Installing Other Languages

You may also be able to program on the SBC using Ruby and C# under Mono, though we do not offer in-depth support for these languages on the SBC. The installation procedures should more or less follow that of installing python on the SBC, except you will be installing Ruby or Mono. Performing package searches using apt cache search can help you find the relevant software.

Using SBC Linux

Now that you've set up communication with the SBC, and installed whichever programming language support you need, you're probably ready for a short tour of useful tools on the SBC's version of Linux.

First, you will by default be running on the SBC as root, which is the super-user. For experienced Linux users, this probably makes you nervous because you know you can overwrite important system files without the system asking for additional permission. Even as a Windows or Mac OS user - although you may usually run your computer as an administrator - the system usually prompts you to confirm before you do anything really dangerous, and this will not happen on the SBC as the root user.

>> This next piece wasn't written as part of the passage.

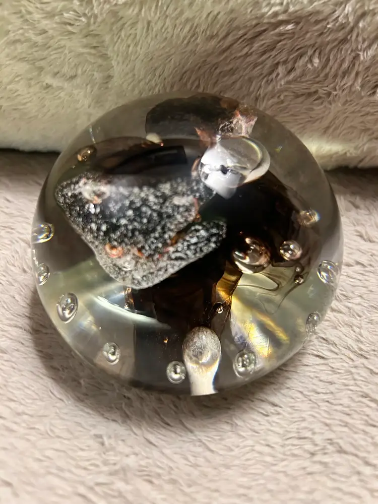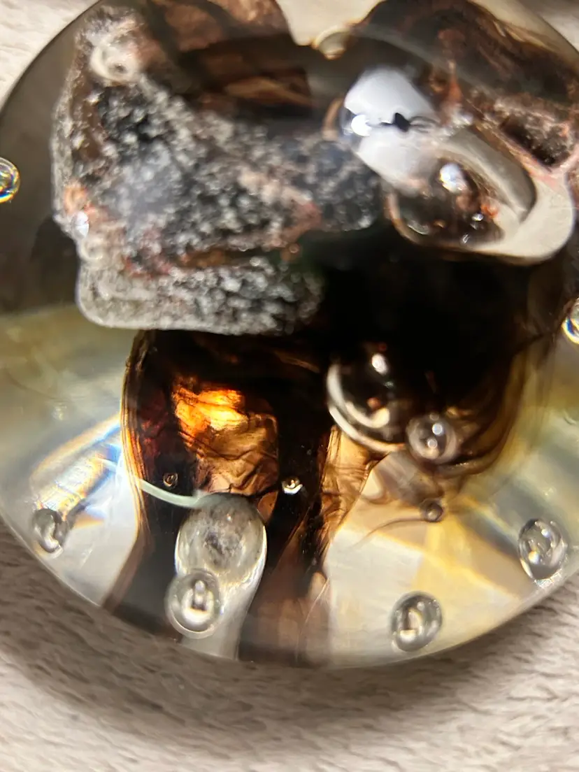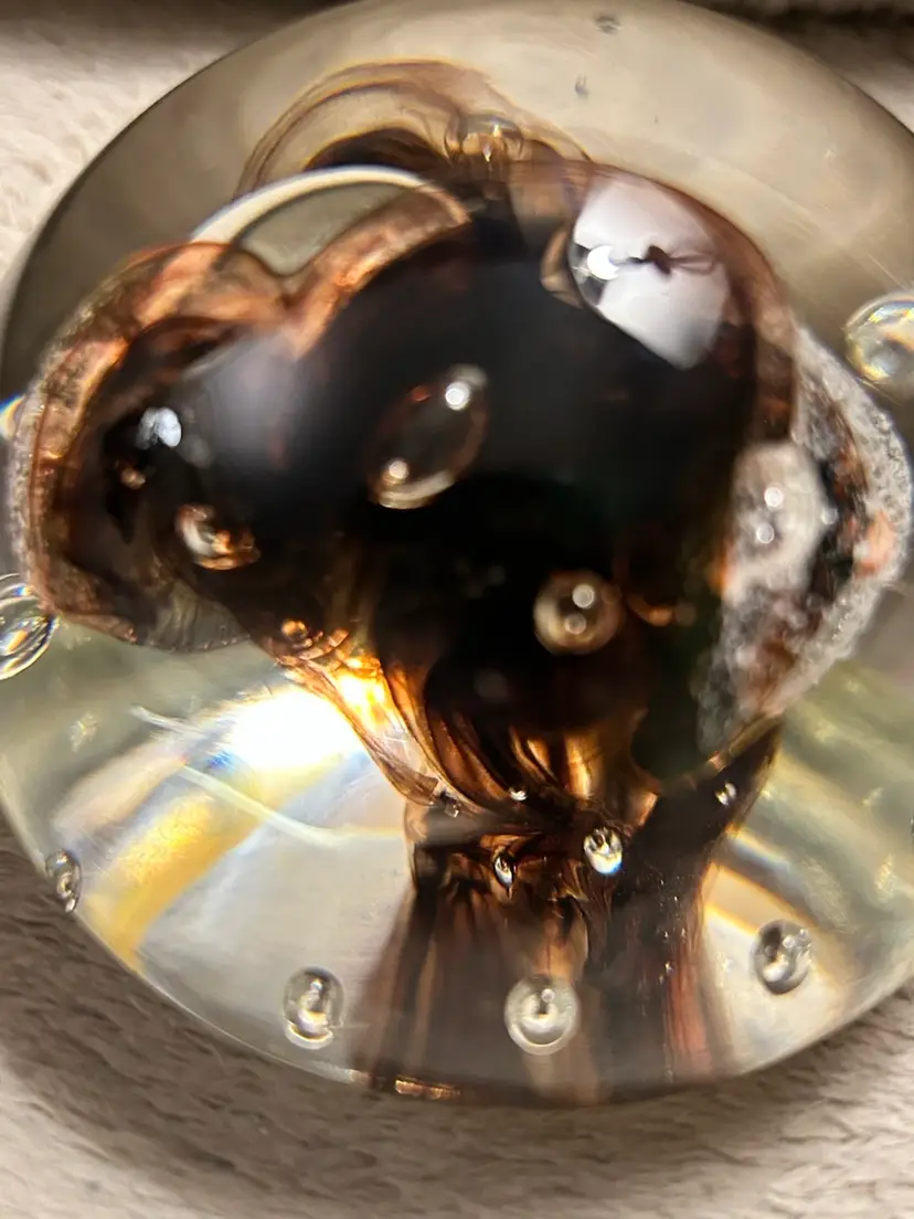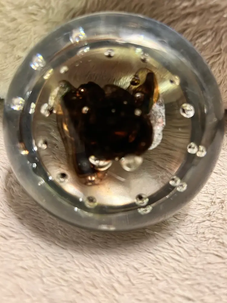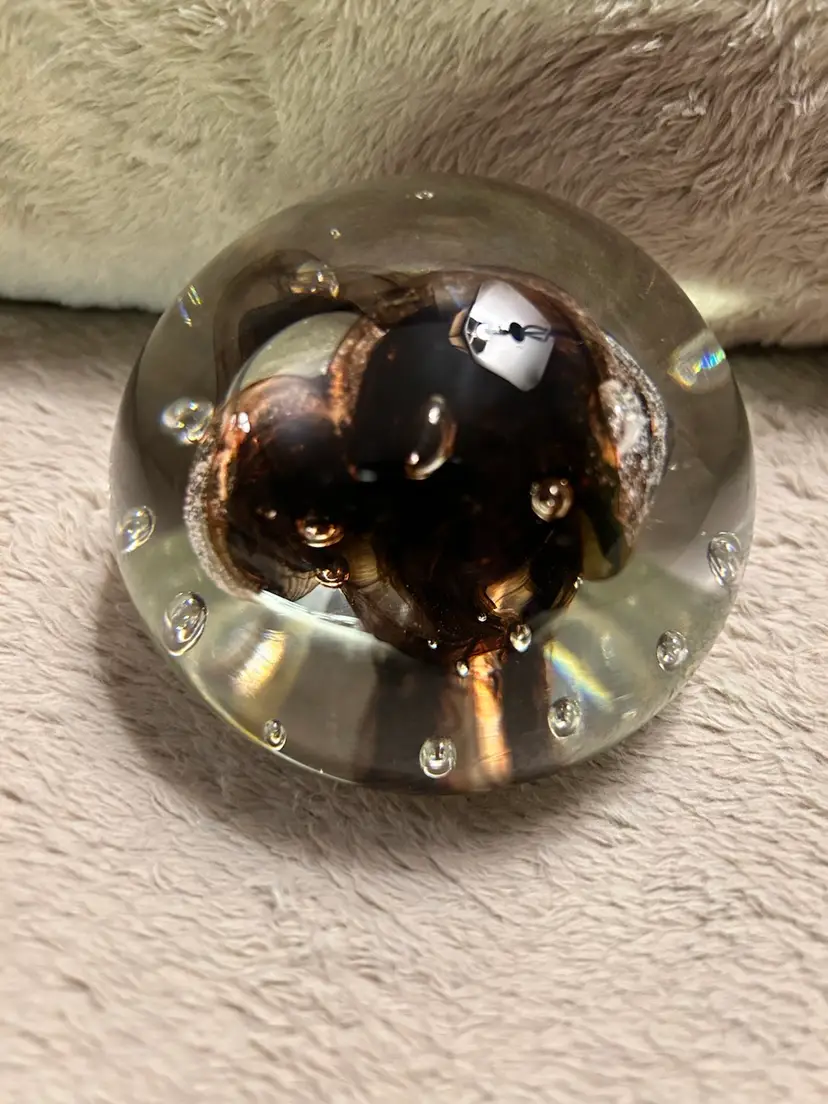Very unique deep plum/brown features in this paperweight. 3”x 3.5”

Next, there is no installed help on the SBC. Help on Linux is usually called 'man pages' which is short for 'the manual pages'. On a full Linux system, usually if you need help with any command you can type, for example, man ls and it will give you help with the program ls. But these help pages take up significant space, and they are widely available online. So, if you need more help with a certain command, you can always type man command into your favourite search engine.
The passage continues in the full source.